The work described in this paper therefore aims at exploring the conceptual and technological issues associated to the design of a Beowulf architecture dedicated to the real-time (on-the-fly) processing of digital video streams for embedded vision systems. The paper will be organized as follows. Section 2 will recall the requirements for such systems. It will then be showed that none of the existing approaches can fulfill all these requirements and an extension of the Beowulf concept will be proposed as a possible
answer. The resulting architecture will be defined in Section 3 and a prototype instantiation of this architecture presented in Section 4 with results of preliminary benchmarks. Section 5 will include a short survey of related work and Section 6 will concludes this paper.

2 Architectures for real-time embedded vision

Systems for embedded real-time vision must meet several constraints:

- High performance. This comes from the necessity to process “on the fly” digital streams of images. This means that these systems must be able to absorb input data and output results at a minimum frequency and produce responses within a maximal latency. For assisted-driving applications, for instance, the typical frequencies and latencies are in the range of 10-100 frame/s and 4-40 ms respectively. For reasonably complex applications (involving 10-100 elementary operations per pixel) and medium-sized images (512 × 512), this requires a computing power in the range of 0.1 to 5 Gflops.

- Scalability. This refers to the ability to increase the system performances without changing its architecture, by simply adding computing nodes, to match the application requirements.
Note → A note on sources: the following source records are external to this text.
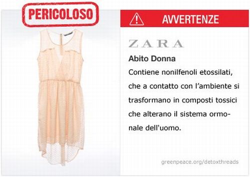 Altro che alta moda. Alto inquinamento! E’ quanto denuncia oggi Greenpeace nel suo rapporto Toxic Threads – The Fashion Big Stich-Up, in cui analizza alcune delle principali case di moda mondiali, e dalla cui analisi in pochi ne escono puliti. Secondo l’associazione ambientalista molte case utilizzano per i propri abiti delle sostanze tossiche che fanno male alla salute umana.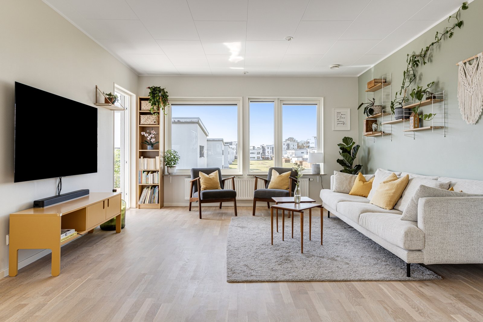 Äntligen finns en trea i huset med fri utsikt över gröningen. Ljuset, grönskan och lugnet ramar in detta fina hem. Helt utan insyn och med sobra färger kombinerat med hög standard bjuder in till ett hem som höjer sig över mängden.
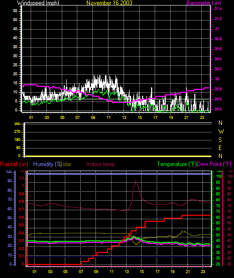 Maximum rain per minute = 0.04 in. on day 30 at time 18:40

- Resistance to obsolescence. Dedicated architectures can be made obsolete very quickly by the rapid evolution of micro-processor technology. It is therefore crucial for these architectures to provide an upgrade path, by which technology advances can be included without major changes in the system architecture (by simply replacing processors for instance).

- Volume and power consumption. This very pragmatic concern is critical for systems that must be embarked on vehicles or on satellites. For instance, Pentium processors are known to have a high power consumption and therefore require large power supplies and big heat dissipation systems. The critical point here is the ratio of computing power to power consumption (Flops/Watt) or of computing power to volume (Flops/dm³).

Easy to use and efficient mechanism for video data acquisition. This refers to the possibility to use mass market, cheap video sub-systems (cameras, displays, recording devices, etc.) on the one hand, and to the ability to automatically and efficiently broadcast video data coming from an input device to all computing nodes on the other hand. The second point was proved to be of crucial importance in multi-processor architectures: in this case, the cost of explicitly broadcasting an image from one processor (the one controlling the frame grabber for instance) to all the others can easily destroy any potential gain obtained by parallelizing processing on this image.

- Cost. This issue is more likely to be solved by resorting to M²COTS components both for the i/o sub-systems and the computing devices (processors, networking, etc.).

Programmability. This refers to the availability of user-friendly programming models environments and tools, including C (as opposed to assembler) compilers, debugging and profiling tools, application-specific libraries, etc. For multi-processors, a high-level parallel programming model is required, since low-level parallel programming models – relying on explicit message-passing like in MPI [11] or on shared-memory thread coordination like in OpenMP [13] – are known to place too much burden on the application programmer and to be too error-prone. This point is of critical importance if the machine is intended to be used by people who will not be parallel programmers in the first place.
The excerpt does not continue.